> _EXERCISE BRIEF_
Copy the records below exactly, from the line containing "available at ntcoc.org/easter" through the last line, and leave out every picture.

> _STORED DATA_
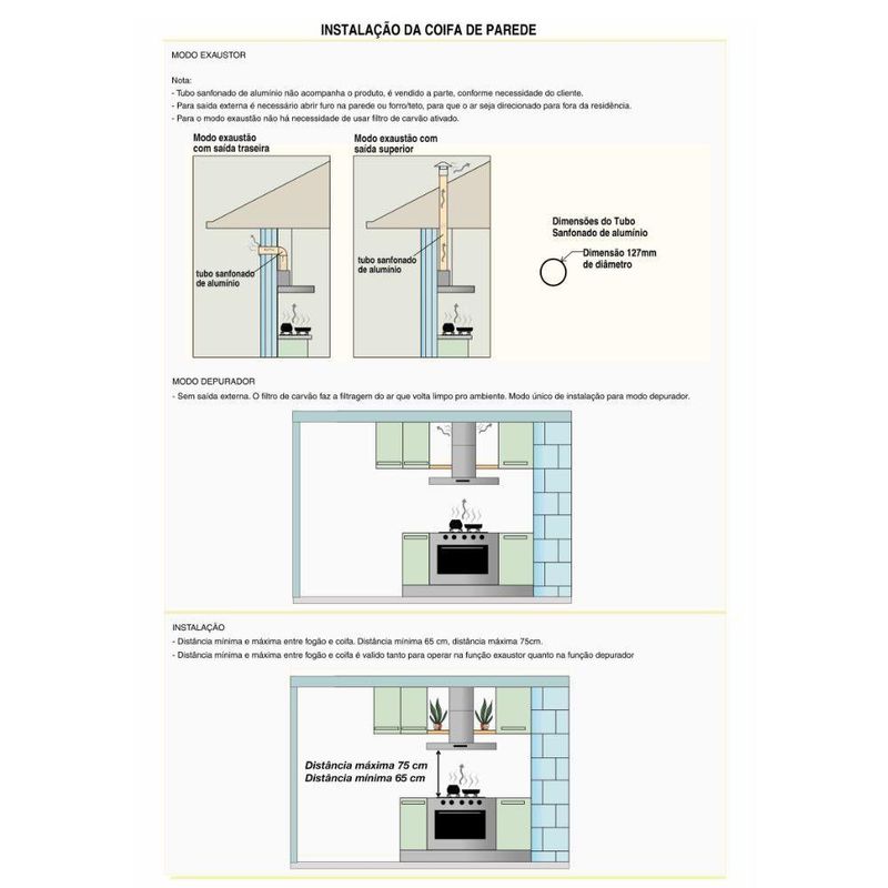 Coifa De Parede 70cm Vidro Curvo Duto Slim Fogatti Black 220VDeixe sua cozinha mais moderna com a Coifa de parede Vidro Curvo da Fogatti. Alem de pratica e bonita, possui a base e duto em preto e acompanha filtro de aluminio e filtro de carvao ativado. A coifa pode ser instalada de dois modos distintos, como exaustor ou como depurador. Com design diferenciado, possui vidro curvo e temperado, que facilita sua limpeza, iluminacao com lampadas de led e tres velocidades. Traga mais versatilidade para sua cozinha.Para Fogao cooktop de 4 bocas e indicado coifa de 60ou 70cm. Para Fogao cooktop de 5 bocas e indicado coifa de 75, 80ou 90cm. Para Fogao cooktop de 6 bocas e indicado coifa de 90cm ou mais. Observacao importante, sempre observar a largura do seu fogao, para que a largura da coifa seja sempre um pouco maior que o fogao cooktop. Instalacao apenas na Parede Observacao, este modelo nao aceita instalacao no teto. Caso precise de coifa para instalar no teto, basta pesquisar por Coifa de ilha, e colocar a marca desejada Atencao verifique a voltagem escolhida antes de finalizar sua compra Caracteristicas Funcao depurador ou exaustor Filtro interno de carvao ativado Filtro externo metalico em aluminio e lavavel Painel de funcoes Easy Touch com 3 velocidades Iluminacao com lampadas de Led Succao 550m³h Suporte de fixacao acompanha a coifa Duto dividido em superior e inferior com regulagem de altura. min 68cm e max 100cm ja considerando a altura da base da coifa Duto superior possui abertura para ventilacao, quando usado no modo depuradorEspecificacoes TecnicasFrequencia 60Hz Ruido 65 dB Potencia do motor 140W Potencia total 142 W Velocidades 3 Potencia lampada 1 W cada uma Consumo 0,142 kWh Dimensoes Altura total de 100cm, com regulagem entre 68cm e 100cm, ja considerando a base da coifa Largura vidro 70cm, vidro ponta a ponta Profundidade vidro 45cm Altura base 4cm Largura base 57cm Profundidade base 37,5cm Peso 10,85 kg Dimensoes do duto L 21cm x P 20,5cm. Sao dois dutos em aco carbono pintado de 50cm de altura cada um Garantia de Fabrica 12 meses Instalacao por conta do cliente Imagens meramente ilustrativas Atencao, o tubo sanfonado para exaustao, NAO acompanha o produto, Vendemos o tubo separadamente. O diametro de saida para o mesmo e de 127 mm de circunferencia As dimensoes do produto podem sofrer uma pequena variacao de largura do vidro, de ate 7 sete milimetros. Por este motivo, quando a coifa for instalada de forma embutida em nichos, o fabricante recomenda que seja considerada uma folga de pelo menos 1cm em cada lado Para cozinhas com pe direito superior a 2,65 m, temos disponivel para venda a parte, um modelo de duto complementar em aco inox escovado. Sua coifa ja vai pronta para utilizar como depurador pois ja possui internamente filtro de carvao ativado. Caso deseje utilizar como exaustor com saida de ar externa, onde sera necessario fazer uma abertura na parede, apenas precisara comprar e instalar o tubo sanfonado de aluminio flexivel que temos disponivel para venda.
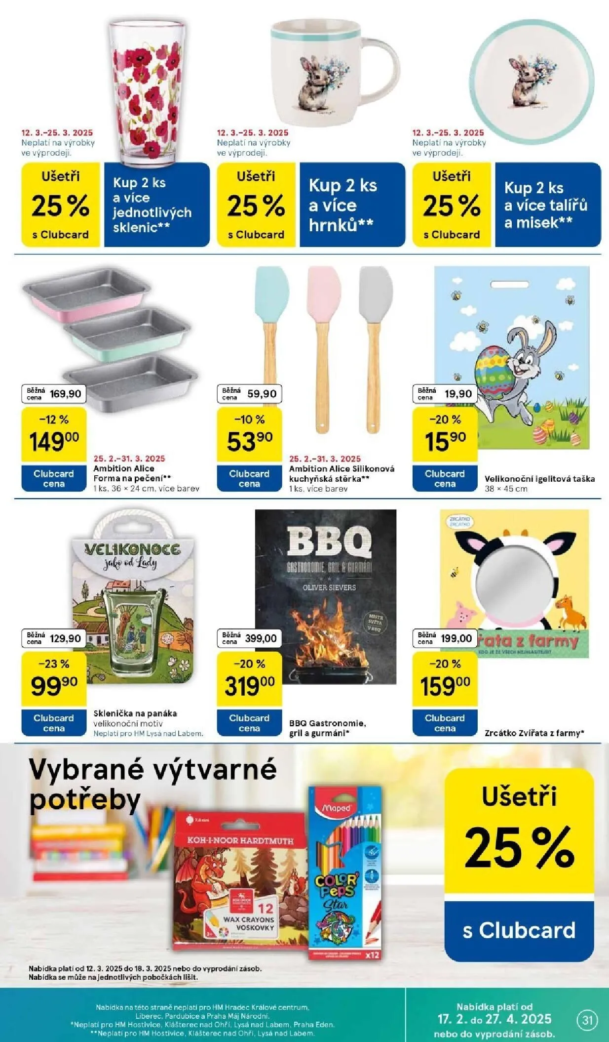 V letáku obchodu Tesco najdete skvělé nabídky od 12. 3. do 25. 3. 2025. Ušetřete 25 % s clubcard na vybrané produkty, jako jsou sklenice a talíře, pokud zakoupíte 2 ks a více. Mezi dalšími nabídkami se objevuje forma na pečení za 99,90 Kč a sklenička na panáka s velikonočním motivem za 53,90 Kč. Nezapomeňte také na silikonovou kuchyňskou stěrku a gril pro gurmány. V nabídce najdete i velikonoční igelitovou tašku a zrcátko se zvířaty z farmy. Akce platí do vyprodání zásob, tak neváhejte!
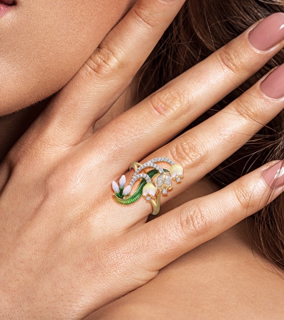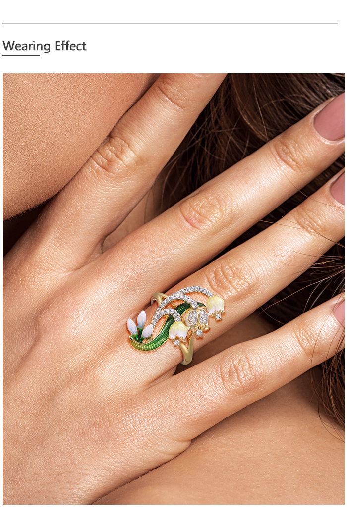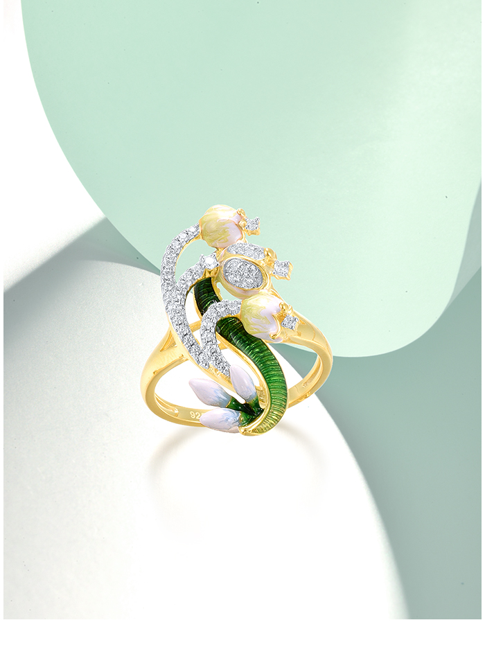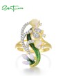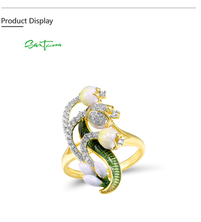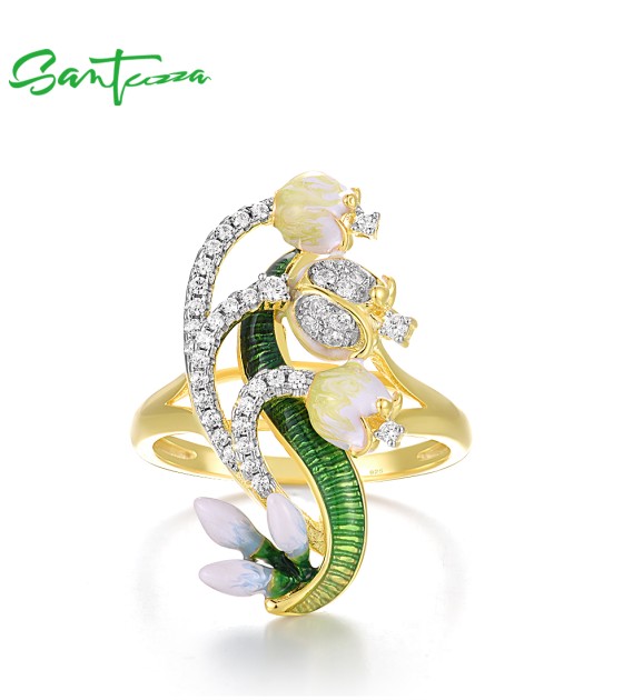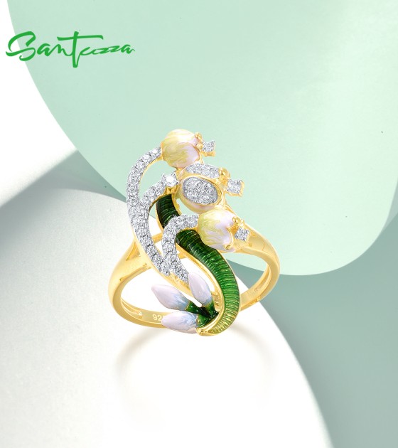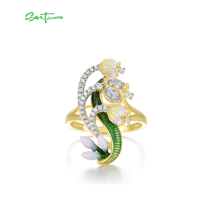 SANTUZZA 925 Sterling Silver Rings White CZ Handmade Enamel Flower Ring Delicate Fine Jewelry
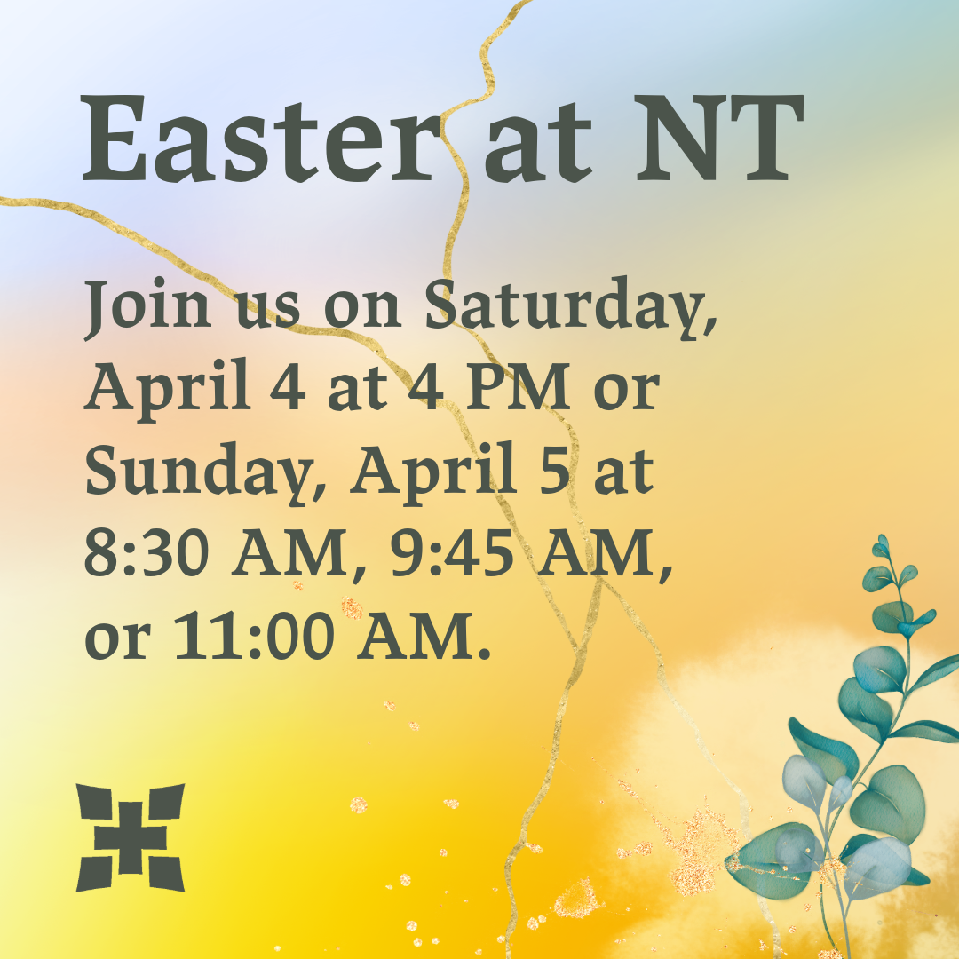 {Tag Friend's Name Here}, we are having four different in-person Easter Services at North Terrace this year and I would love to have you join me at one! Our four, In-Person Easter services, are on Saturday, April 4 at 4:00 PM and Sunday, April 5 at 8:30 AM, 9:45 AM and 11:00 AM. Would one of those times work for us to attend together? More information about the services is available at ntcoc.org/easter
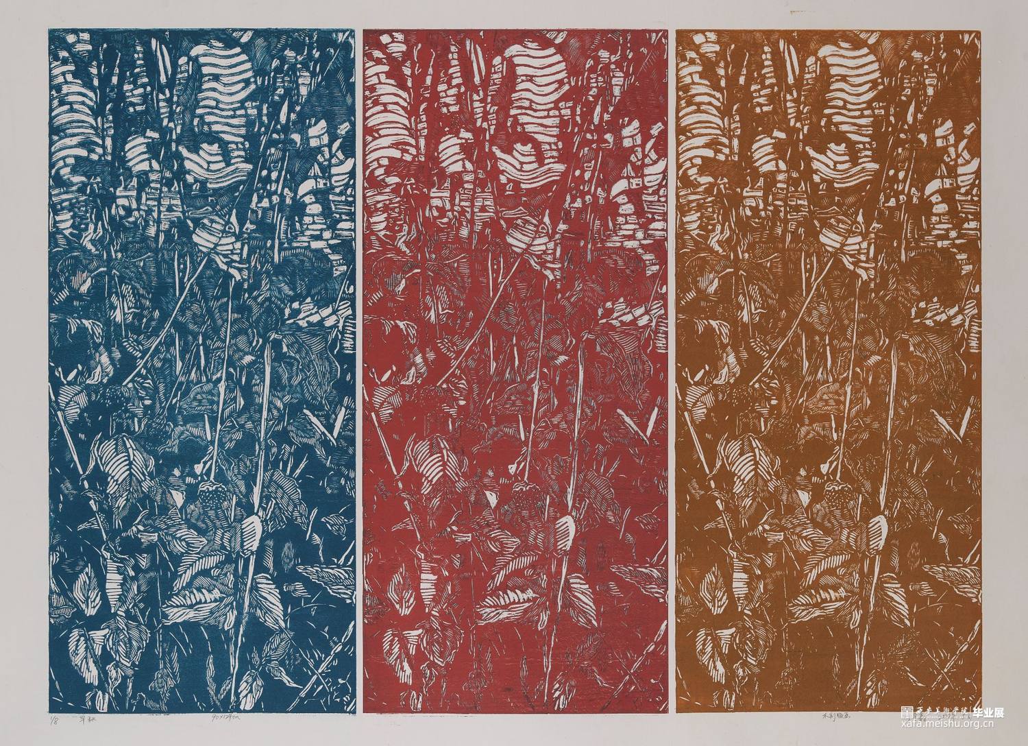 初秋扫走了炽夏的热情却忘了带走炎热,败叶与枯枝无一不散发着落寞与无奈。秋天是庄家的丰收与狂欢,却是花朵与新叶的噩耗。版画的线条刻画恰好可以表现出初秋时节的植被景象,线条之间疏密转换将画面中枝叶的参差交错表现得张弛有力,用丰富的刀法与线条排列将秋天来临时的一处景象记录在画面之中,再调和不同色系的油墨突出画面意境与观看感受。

> _EXERCISE OUTPUT_
 {Tag Friend's Name Here}, we are having four different in-person Easter Services at North Terrace this year and I would love to have you join me at one! Our four, In-Person Easter services, are on Saturday, April 4 at 4:00 PM and Sunday, April 5 at 8:30 AM, 9:45 AM and 11:00 AM. Would one of those times work for us to attend together? More information about the services is available at ntcoc.org/easter
 初秋扫走了炽夏的热情却忘了带走炎热,败叶与枯枝无一不散发着落寞与无奈。秋天是庄家的丰收与狂欢,却是花朵与新叶的噩耗。版画的线条刻画恰好可以表现出初秋时节的植被景象,线条之间疏密转换将画面中枝叶的参差交错表现得张弛有力,用丰富的刀法与线条排列将秋天来临时的一处景象记录在画面之中,再调和不同色系的油墨突出画面意境与观看感受。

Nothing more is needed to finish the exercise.